The three leaders also “expressed their firm commitment to deepen the already strong security and defence cooperation.” More pointedly towards Beijing, the group agreed to hold more trilateral military exercises and help to build more maritime security capacity in the region. Finally, with an eye towards Beijing’s posture in the East and South China Sea disputes, the three agreed to ensure “the freedom of navigation and over-flight and the peaceful resolution of maritime disputes in accordance with international law, including through legal mechanisms such as arbitration.”
The trilateral meeting at the G20 came only one week after a landmark summit between Japan’s Abe and Chinese President Xi Jinping, held on the margins of the Asia Pacific Economic Cooperation (APEC) meetings in Beijing.
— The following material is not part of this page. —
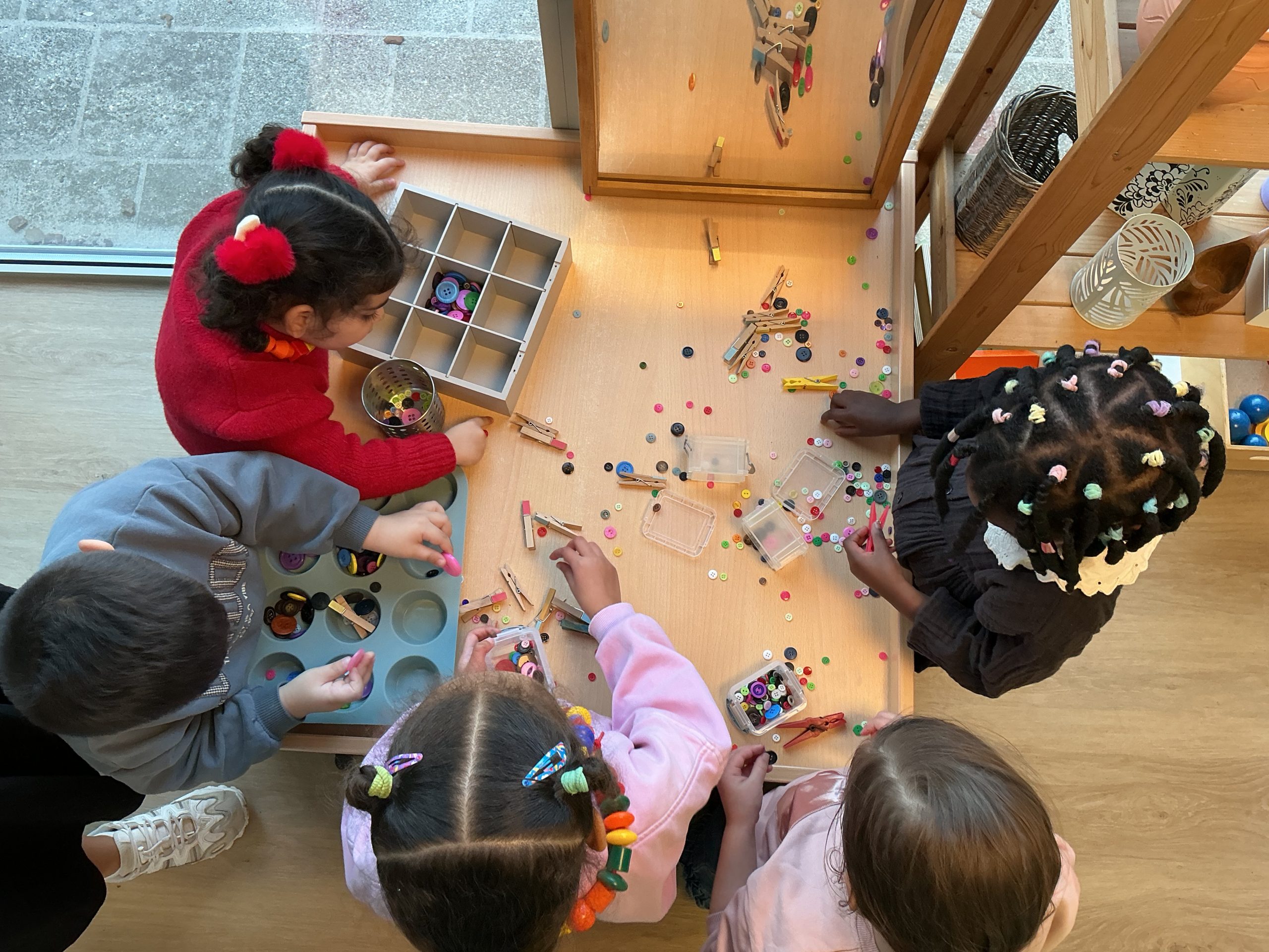 We spelen op de peuteropvang veel met loose parts. De kinderen bedenken zelf het mooiste spel of creatie! De gekleurde knopen kunnen we bijvoorbeeld sorteren of met een knijper pakken en in de bakjes doen.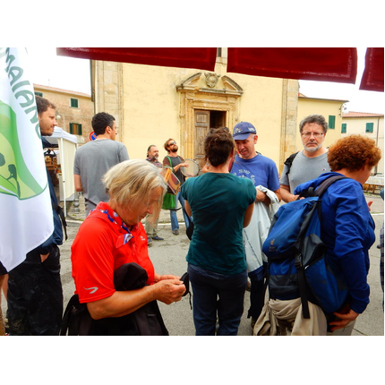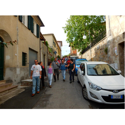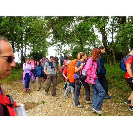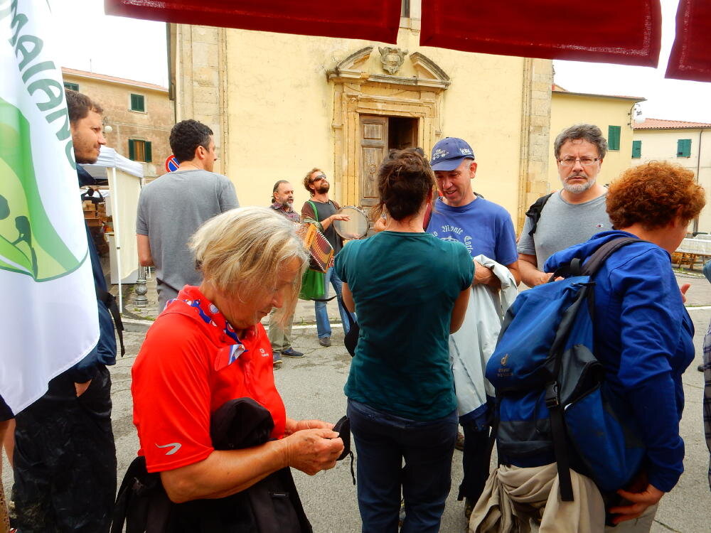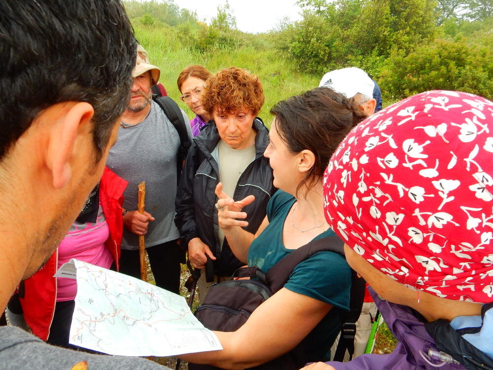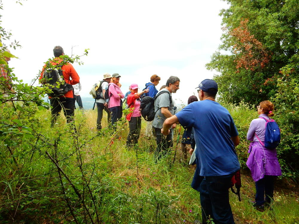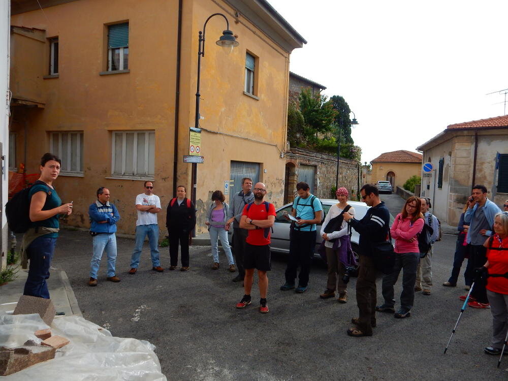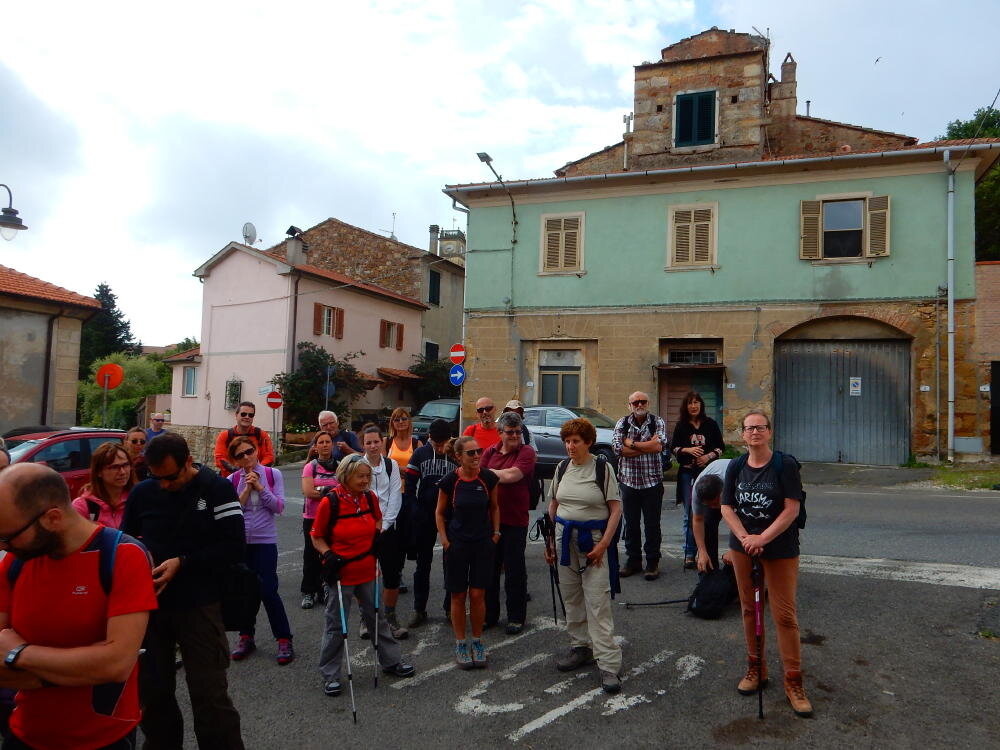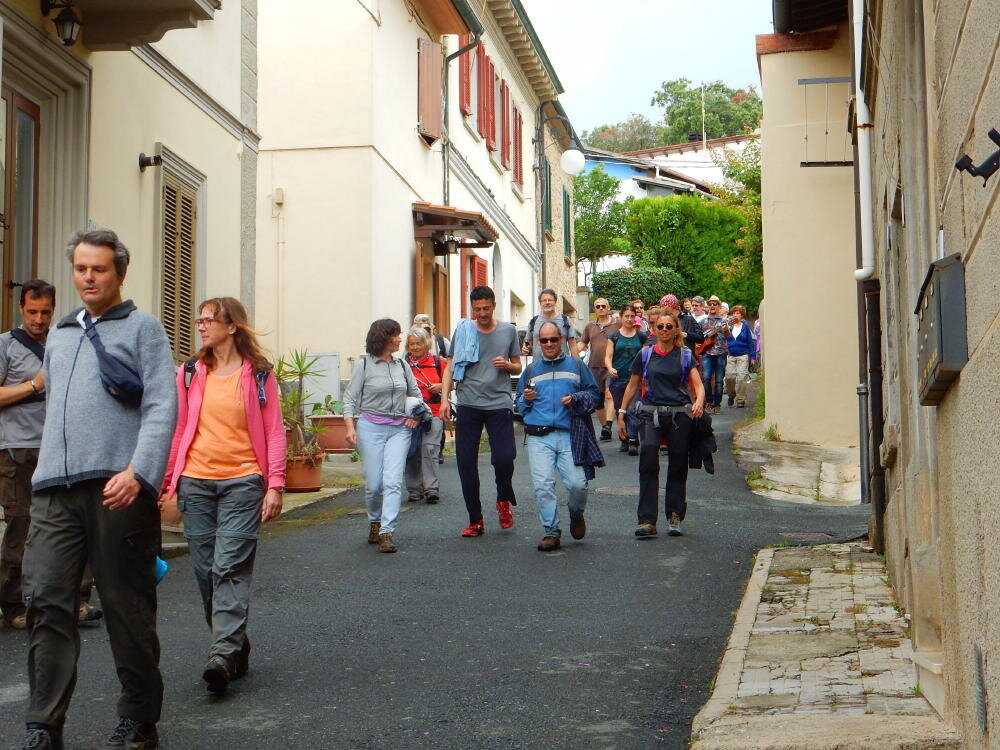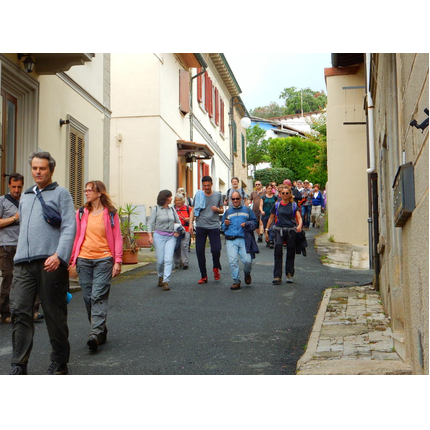 Nonostante le pessime previsoni meteo, quasi 40 partecipanti hanno intrapreso il cammino lungo i sentieri del Parco Culturale di Camaiano, scendendo dapprima verso la valle del Riardo lungo la Strada del Mille (sentiero 199). Dopo il guado del botro Scaforno è iniziato la preannunciata pioggia ma nessuno si è perso d'animo; dopo aver lasciato il 199 è iniziata la salita lungo il percorso "Ponte Romano - Monte Carvoli" passando dalla Fattoria di Paltratico e da Villa Forti fino ad arrivare a Piazza Mattiola. Attraversata la via del Vaiolo, il gruppo degli intrepidi pastori bagnati si è diretto a Pian dei Lupi dove si trova l'omonima azienda che alleva pecore e capre e produce dell'ottimo formaggio; alcuni dei partecipanti hanno colto l'occasione di acquistarne qualche forma. Giunti infine al Laghetto delle Serre al Monte Pelato, dopo una piccola pausa per fare la consueta fotografia di gruppo, è stata imboccata l'estremità sud della Strada del Mille che riconduce fino a Castelnuovo della Misericordia lungo l'antica mulattiera del Poggio Terra Rossa, ripulita il giorno precedente proprio per questa occasione. Poco prima di arrivare in paese, il gruppo è stato accolto a sorpresa dall'allegra musica dei cantamaggio.

While the meeting, and the statement agreed to beforehand, lacked any significant breakthrough for the strained bilateral relationship, it was an important first step towards slowly rebuilding confidence between Tokyo and Beijing. If ties continue to improve between Japan and China, there will be less currency paid to the Chinese notion that the TSD is a US tool aimed at constraining Beijing.
The TSD has been focusing on a two pillar approach that prioritises increased economic integration in the Asia–Pacific along with regional stability. The economic side has been bolstered by this year’s conclusion of the long-running negotiations between Tokyo and Canberra on a bilateral Free Trade Agreement. Meanwhile, despite tough negotiations, a finalised Trans Pacific Partnership (TPP) agreement — which includes all three states — would further promote US–Japan led economic integration in the region.
On the security side, the trilateral relationship is also moving at a quick pace. The TSD has become increasingly relevant to the dynamic security environment surrounding Japan and Australia, especially with regard to maritime security. Achieving consensus on issues such as international terrorism or North Korea never was a hurdle for the three states. But the trilateral relationship is demonstrating value in light of enhanced US security engagement in the region alongside increasing Chinese assertiveness in the maritime domain.
While previous statements delicately approached Beijing, this past October’s ministerial meeting produced a less nuanced message. With regard to strained Japan-China ties over the Senkaku islands, the TSD noted: “Ministers opposed any coercive or unilateral actions that could change the status quo in the East China Sea. They underlined the importance of efforts to reduce tensions and to avoid miscalculations or accidents in the East China Sea, including by improving marine communications.”
Washington, Tokyo, and Canberra similarly emphasised the importance of international law with regard to the South China Sea dispute: “The ministers affirmed the importance of peace and stability, respect for international law, unimpeded trade and freedom of navigation in the South China Sea. They called on claimants to refrain from actions that could increase tensions, to clarify and pursue claims in accordance with international law, including the 1982 United Nations Convention on the Law of the Sea (UNCLOS), and for ASEAN and China to agree on a meaningful Code of Conduct.”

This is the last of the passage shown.